It is important to note that the cost data used here to estimate dietary costs were developed by aggregating across all prices recorded in the year to give individual foods a cost per 100 g, which may mean that the combinations of individual food costs used here are not those faced by any particular group or individual, and they are certainly not the lowest prices available. However, these data are based on actual expenditures, reflecting consumer food choices, and should be neither regionally nor seasonally biased. This is a methodological advance over most studies, which tend to use food prices collected using a convenience sample from a single location and/or over a limited time period, often ignoring sale or promotional prices( Reference Monsivais, Perrigue and Adams 38 ). The resulting dietary cost estimates are comparable with national data on household food expenditure, given the difference in measurement methods and data collection period. Data from the UK’s 2010 Living Costs and Food Survey (the year most appropriate for comparison with the data used here) reported a mean diet cost of £4·89/2000 kcal( 39 ), 12 % lower than the mean price reported here of £5·54/2000 kcal.

It should be noted that the cost estimates presented in the current study did not account for the higher cost of foods and drinks purchased in restaurants and other out-of-home outlets.
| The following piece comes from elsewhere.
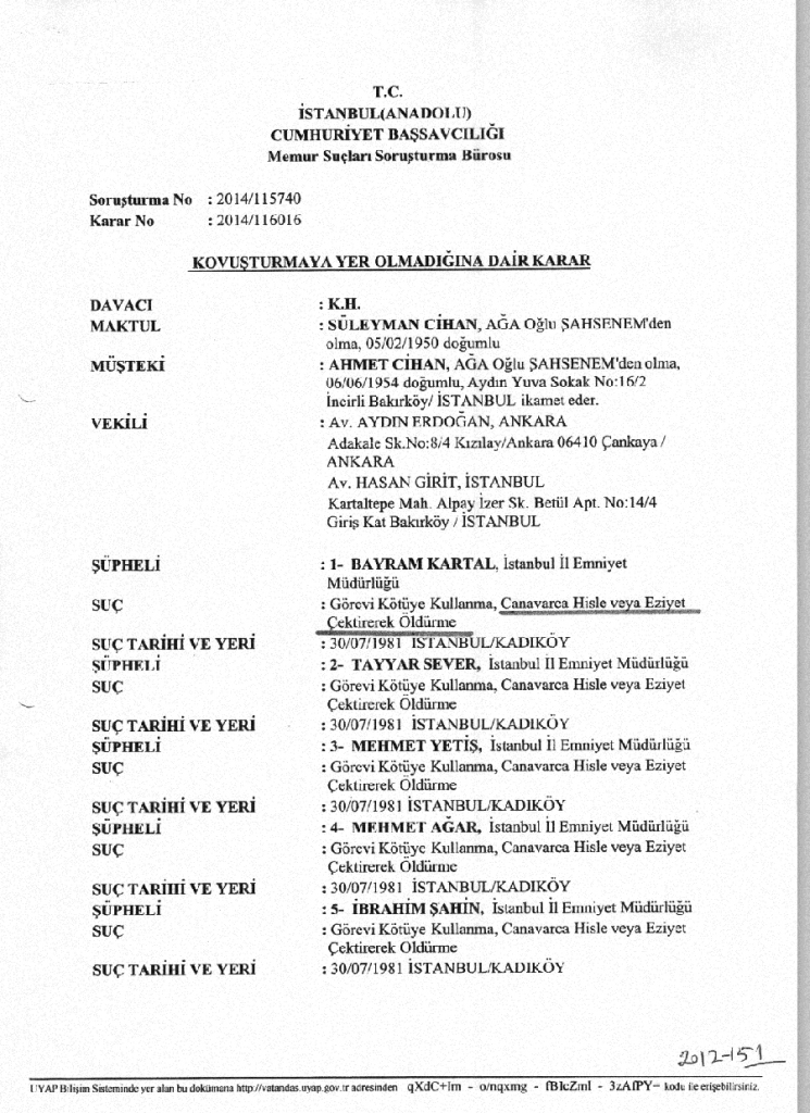 33 yıl sonra, Cumhuriyet Savcısı; Süleyman Cihan’ın

If accounted for, this would have increased the cost of diets that contained more out-of-home meals, which, by extension, would also have less-favourable nutritional characteristics( Reference Lachat, Nago and Verstraeten 40 ). The implication for our results is that accounting for the higher cost of out-of-home foods and beverages would have likely attenuated the association between measures of dietary quality and cost.

The present study used energy-adjusted diet costs to minimise confounding of the cost–nutrition relationship by absolute energy intake, an approach that parallels the ‘nutrient density’ method in nutritional epidemiology( Reference Willett 23 ). This analytic step allowed for the comparison of diets that differed in their food and nutrient composition but not in their overall energy content. However, this approach could mask the potential cost savings of consuming diets lower in energy, which may benefit some population groups. The less-healthy diets examined here are likely to contain more unhealthy yet palatable energy-dense foods that can promote passive overconsumption( Reference Prentice and Jebb 41 ), resulting in an excessive energy intake. By contrast, healthier diets, rich in nutrient-dense foods with high water and/or fibre content, may be more satiating with less energy( Reference Rolls, Ello-Martin and Tohill 42 ). Thus, although comparing dietary costs on an isoenergetic basis was useful for the present study aims, this may overestimate the costs associated with healthier diets. The potential for some population groups to reduce their dietary costs by reducing their total energy consumption to a healthy level should not be ignored.

A key strength of our study is that the methods used to sample and collect the NDNS should mean that the dietary data collection is nationally representative. Similarly, the nationwide coverage of the KWP should mean that the results presented here are nationally representative and are not specific to a population or regional subgroup. As such, these findings are likely to be the most nationally representative estimates of the relationship between diet cost and diet quality in the UK, notwithstanding the methodological considerations raised above.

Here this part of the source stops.